Le poids symbolique de l'agriculture dans l'économie française reste cependant bien supérieur à son poids réel, qui ne cesse de baisser par rapport aux autres secteurs, passant en 30 ans de plus de 4 % à moins de 2 % du PIB en 20085(*).

Dans l'emploi, l'agriculture a également perdu beaucoup de terrain, avec une population active agricole qui est passée d'un peu moins de 2 millions de personnes en 1980, soit 8 % de la population active, à 750 000 aujourd'hui environ, soit moins de 3,5 % de la population active.

Le progrès technique et les gains de productivité ont permis que cette réduction considérable ne s'accompagne pas d'une régression dans les mêmes proportions des terres exploitées et des productions.

La superficie agricole utilisée (SAU) est ainsi passée de 31,7 millions d'hectares à 29,3 millions durant la même période, essentiellement au profit de l'urbanisation et des aménagements collectifs comme les routes. La part des terres agricoles non cultivées a même baissé légèrement, passant de 2,76 à 2,55 millions d'hectares.

Au niveau des productions, on constate la même stabilité : ainsi le cheptel bovin a baissé de 4 millions de têtes et la production de viande bovine de 12 %, mais cette baisse a été compensée par le développement des productions porcines et de volailles. Dans le secteur du lait, le cheptel a baissé de plus de 40 %, mais la production laitière est restée stable autour de 23 milliards de litres par an, grâce à une augmentation de la productivité.

Dans le secteur végétal, les rendements croissants ont permis d'accroître la production malgré la légère baisse des surfaces cultivées, même si depuis quelques années, les rendements du blé et du maïs semblent stagner.

Bref, la révolution agricole, s'appuyant sur un appareil de recherche, de sélection végétale et de sélection génétique du cheptel, s'est poursuivie mais discrètement, silencieusement, d'autant plus que les gains de productivité n'ont pas été captés par l'amont, c'est à dire les agriculteurs, mais redistribués dans l'économie sous forme de baisse des prix agricoles.

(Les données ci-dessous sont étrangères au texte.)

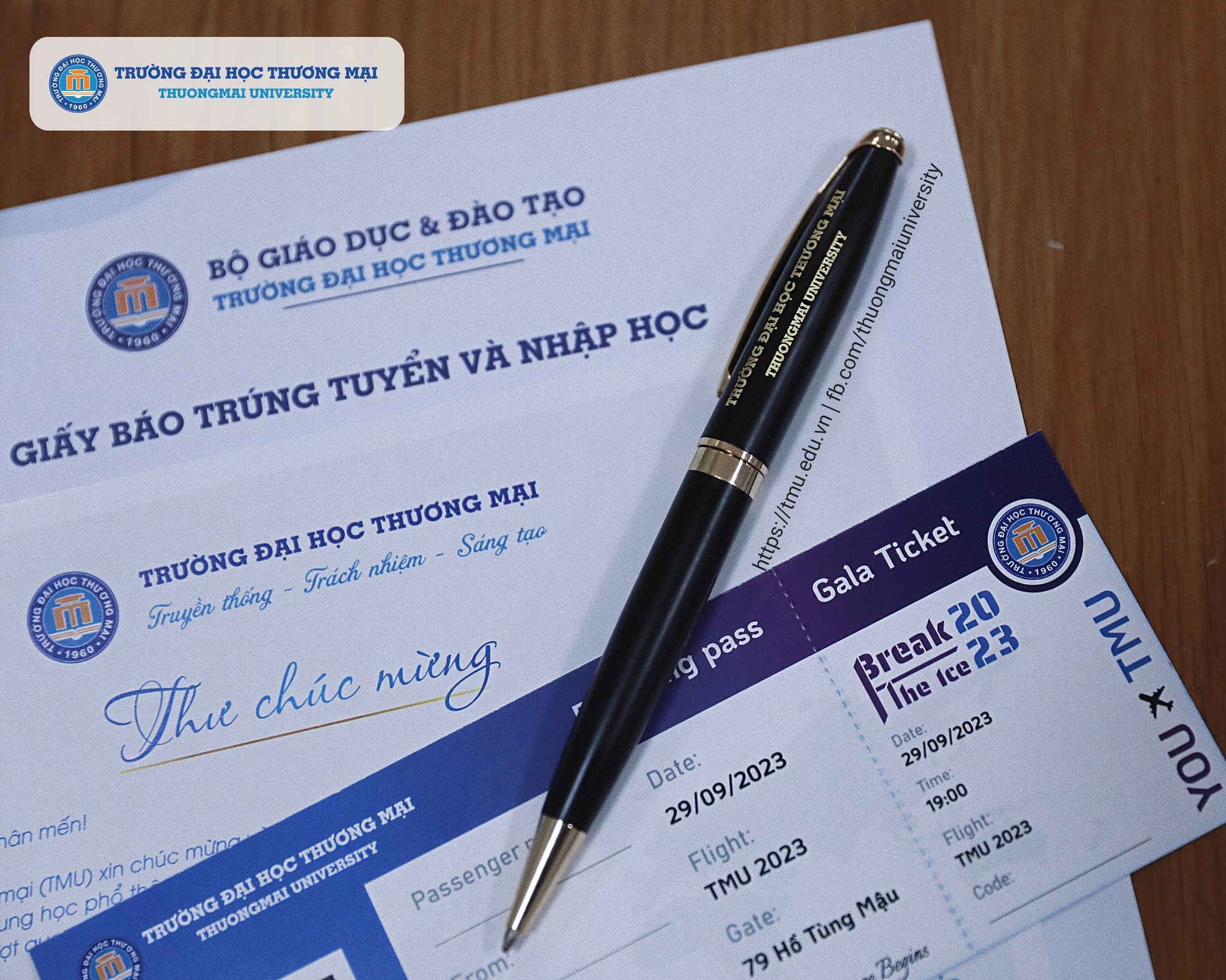 Đại học Thương mại ngoài thư chúc mừng quen thuộc của Hiệu trưởng còn có "tấm vé máy bay" xịn xò tới trường. Đây là còn là tấm dành riêng cho K59 của trường đến với đêm gala chào tân sinh viên.

Les exploitations se sont restructurées et le nombre d'exploitations professionnelles est passé de plus de 600 000 en 1988 à 326 000 en 20076(*). Si leur taille a augmenté, le modèle de l'exploitation familiale prédomine encore avec moins de 6 % des exploitations de plus de 200 hectares et une population salariée agricole permanente qui continue de régresser avec 140 000 personnes (contre près de 600 000 exploitants, co-exploitants et aidants familiaux).

* 4 Chiffres Eurostat 2007.

* 5 Chiffres INSEE 2008.

* 6 Derniers chiffres disponibles. Agreste Graphagri 2009.